Representation of spatial and temporal variability of daily wind speed and of intense wind events over the Mediterranean Sea using dynamical downscaling: impact of the regional climate model configuration
- 1IRD, LEGOS, UMR5566, CNRS – CNES – IRD – Université de Toulouse, Toulouse, France
- 2CNRM/GAME, CNRS – Météo-France, Toulouse, France
- 3UTMEA, ENEA, Roma, Italy
Abstract. Atmospheric datasets coming from long term reanalyzes of low spatial resolution are used for different purposes. Wind over the sea is, for example, a major ingredient of oceanic simulations. However, the shortcomings of those datasets prevent them from being used without an adequate corrective preliminary treatment. Using a regional climate model (RCM) to perform a dynamical downscaling of those large scale reanalyzes is one of the methods used in order to produce fields that realistically reproduce atmospheric chronology and where those shortcomings are corrected. Here we assess the influence of the configuration of the RCM used in this framework on the representation of wind speed spatial and temporal variability and intense wind events on a daily timescale. Our RCM is ALADIN-Climate, the reanalysis is ERA-40, and the studied area is the Mediterranean Sea.
First, the dynamical downscaling significantly reduces the underestimation of daily wind speed, in average by 9 % over the whole Mediterranean. This underestimation has been corrected both globally and locally, and for the whole wind speed spectrum. The correction is the strongest for periods and regions of strong winds. The representation of spatial variability has also been significantly improved. On the other hand, the temporal correlation between the downscaled field and the observations decreases all the more that one moves eastwards, i.e. further from the atmospheric flux entry. Nonetheless, it remains ~0.7, the downscaled dataset reproduces therefore satisfactorily the real chronology.

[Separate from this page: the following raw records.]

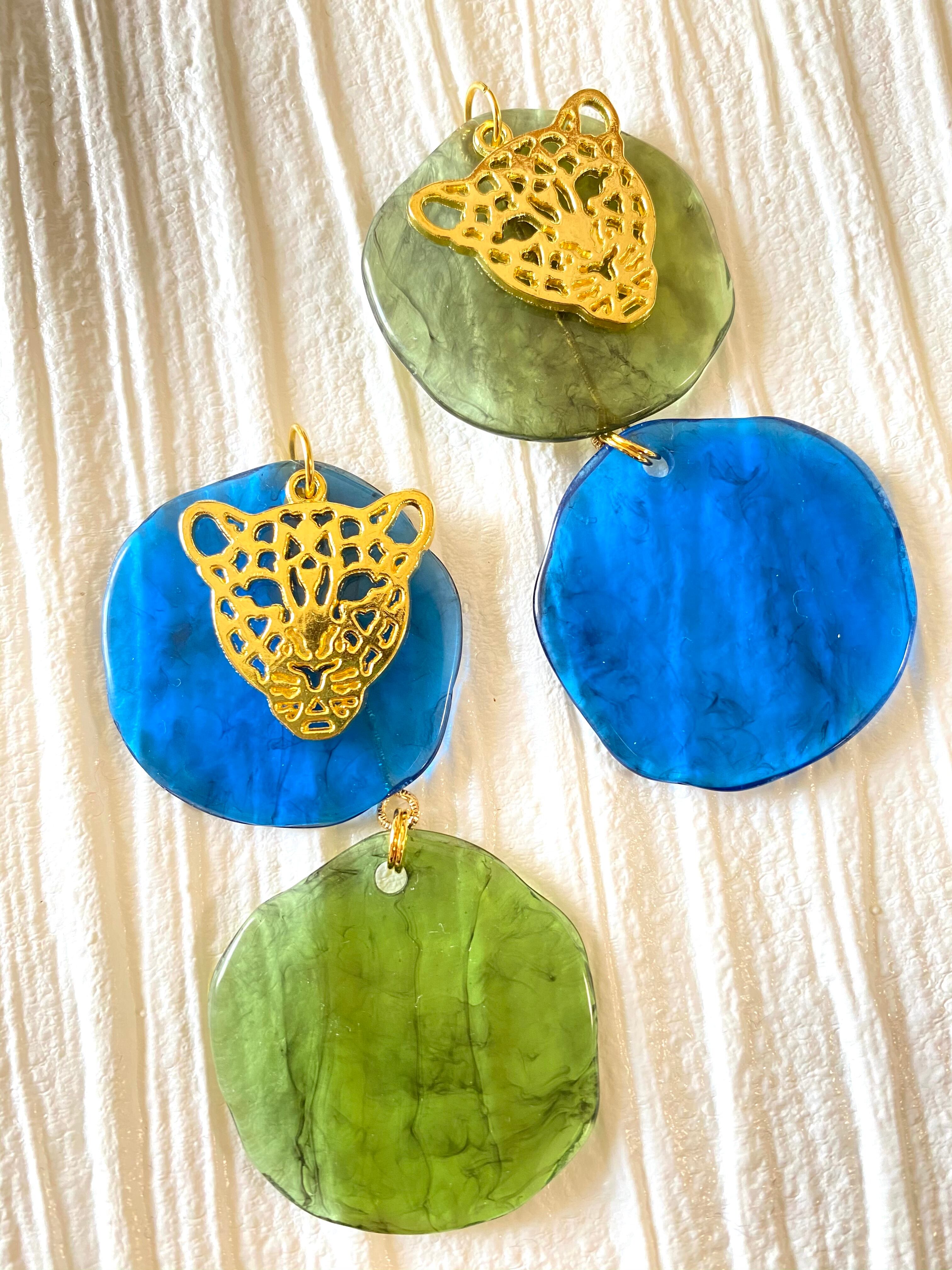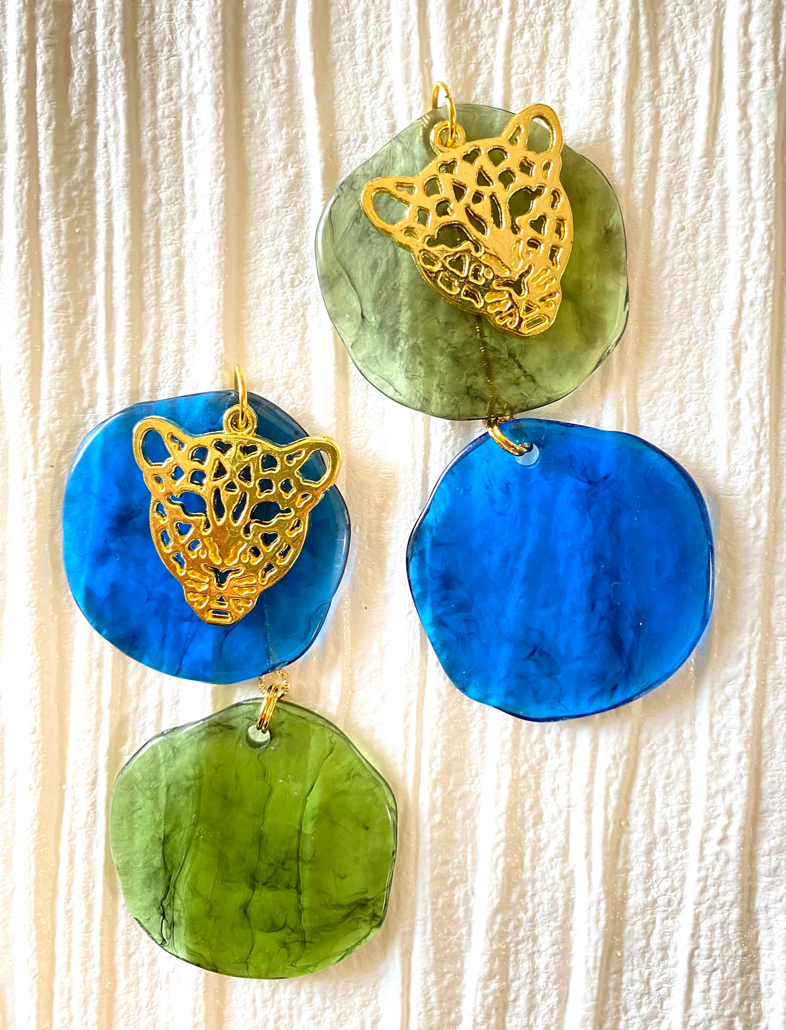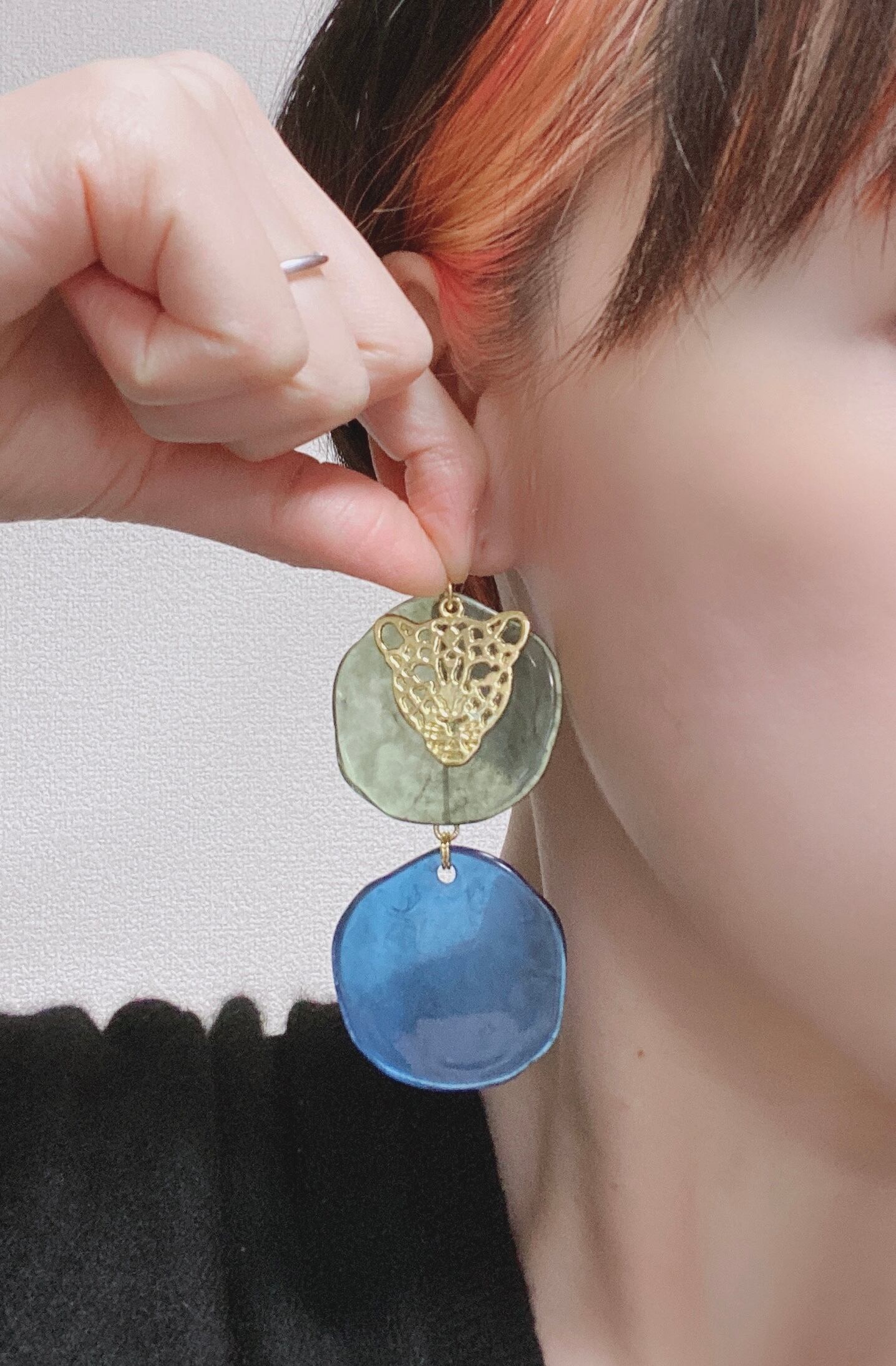 ブルーグリーンと金のヒョウ【ピアスorイヤリング】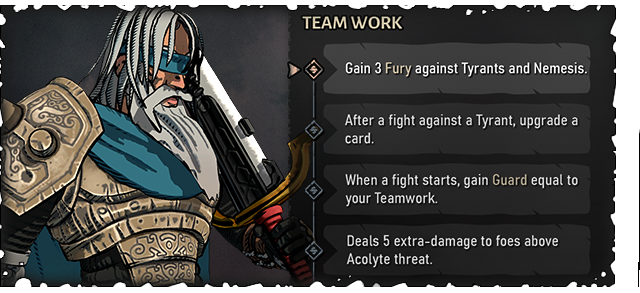 Each time you dive into the depths, you choose a second hero to accompany you. As a companion, each hero brings eight unique powers. With dozens of possible duos you can develop your own playstyle or try improbable duos.Do you need an expert against boss fights or a proto-blacksmith that enhances your card upgrades?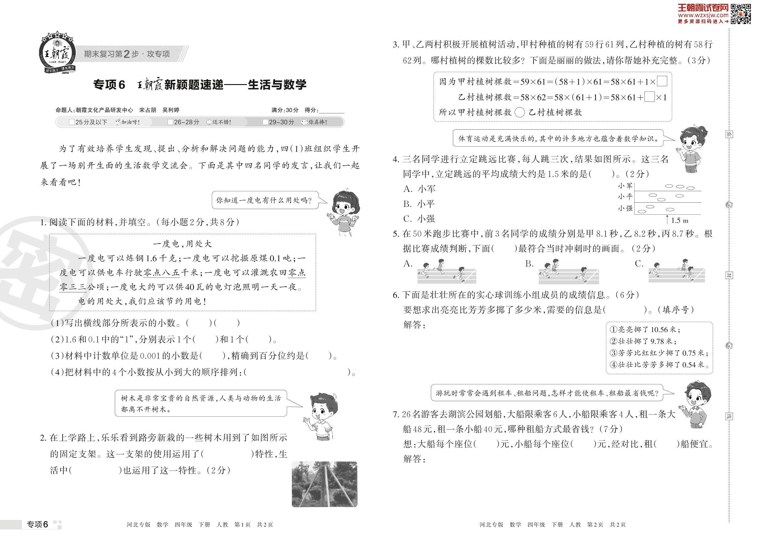 王朝霞期末专项卷——王朝霞新颖题速递:生活与数学四年级下册数学(人教版)【6】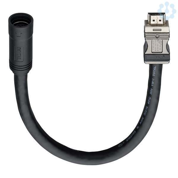 HDMI-Adapterkabel (Stecker), 0,3 m, schwarz für AK ES HDMI, - mit Rundsteckverbinder (Ï 17 mm) für AK ES HDMI und HDMI-Stecker, - PVC Mantelmaterial, schwarz (flammwidrig), - Kabeldurchmesser Ï 12 mm, - HDMI-High Speed-Standard (3D/4K-fähig)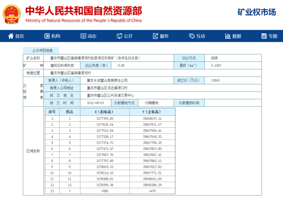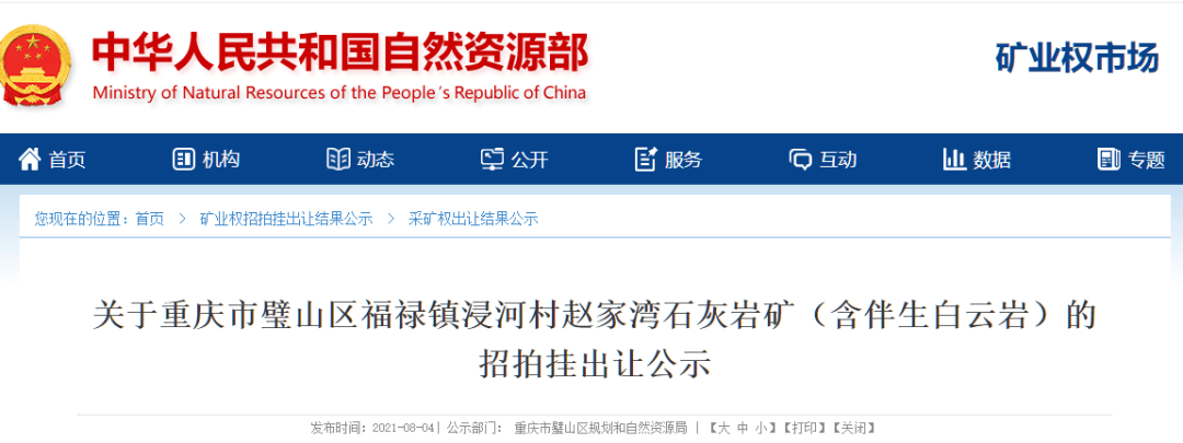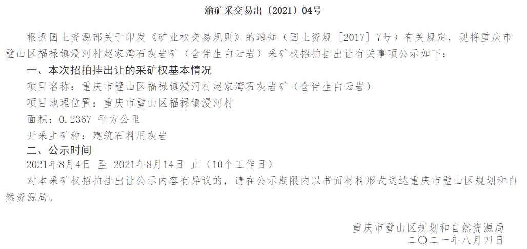 8月4日,中華人民共和國(guó)自然資源部發(fā)布《關(guān)于重慶市璧山區(qū)福祿鎮(zhèn)浸河村趙家灣石灰?guī)r礦(含伴生白云巖)的招拍掛出讓公示》。公示文件顯示,中標(biāo)人采礦權(quán)中標(biāo)人為冀東水泥璧山有限責(zé)任公司,成交價(jià)為12600萬(wàn)元,成交時(shí)間為2021年8月3日。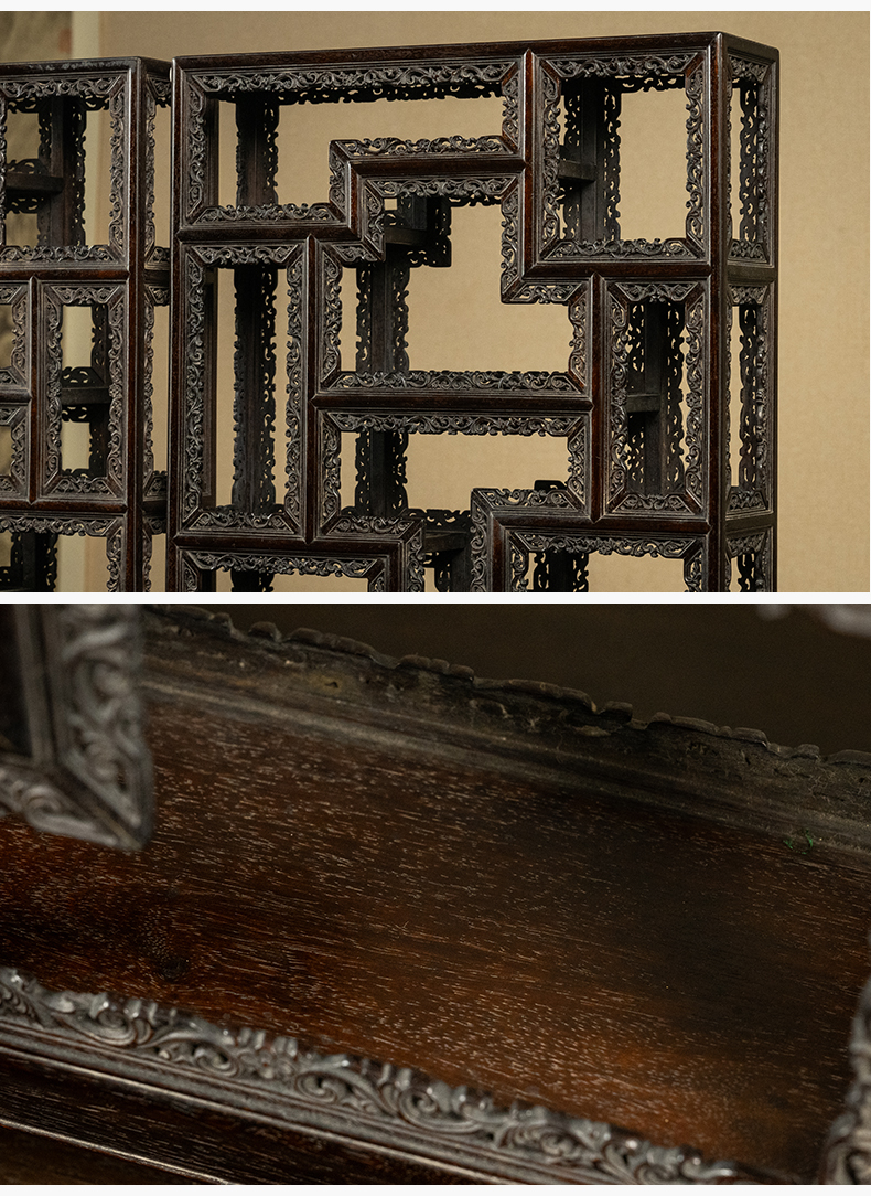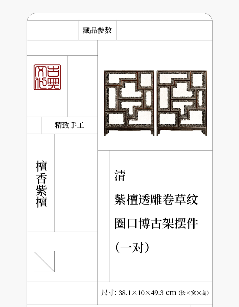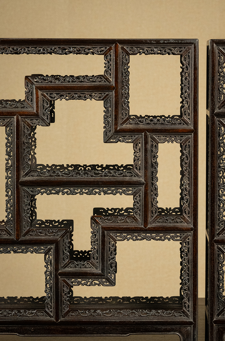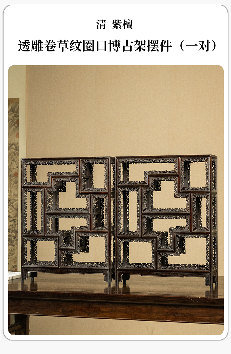 清 紫檀透雕卷草纹圈口博古架摆件(一对)

Second, the influence of the choice of the RCM configuration has an influence one order of magnitude smaller than the improvement induced by the initial downscaling. The use of spectral nudging or of a smaller domain helps to improve the realism of the temporal chronology. Increasing the resolution very locally (both spatially and temporally) improves the representation of spatial variability, in particular in regions strongly influenced by the complex surrounding orography. The impact of the interactive air-sea coupling is negligible for the temporal scales examined here. Using two different forcing datasets induces differences on the downscaled fields that are directly related to the differences between those datasets. Our results also show that improving the physics of our RCM is still necessary to increase the realism of our simulations. Finally, the choice of the optimal configuration depends on the scientific objectives of the study for which those wind datasets are used.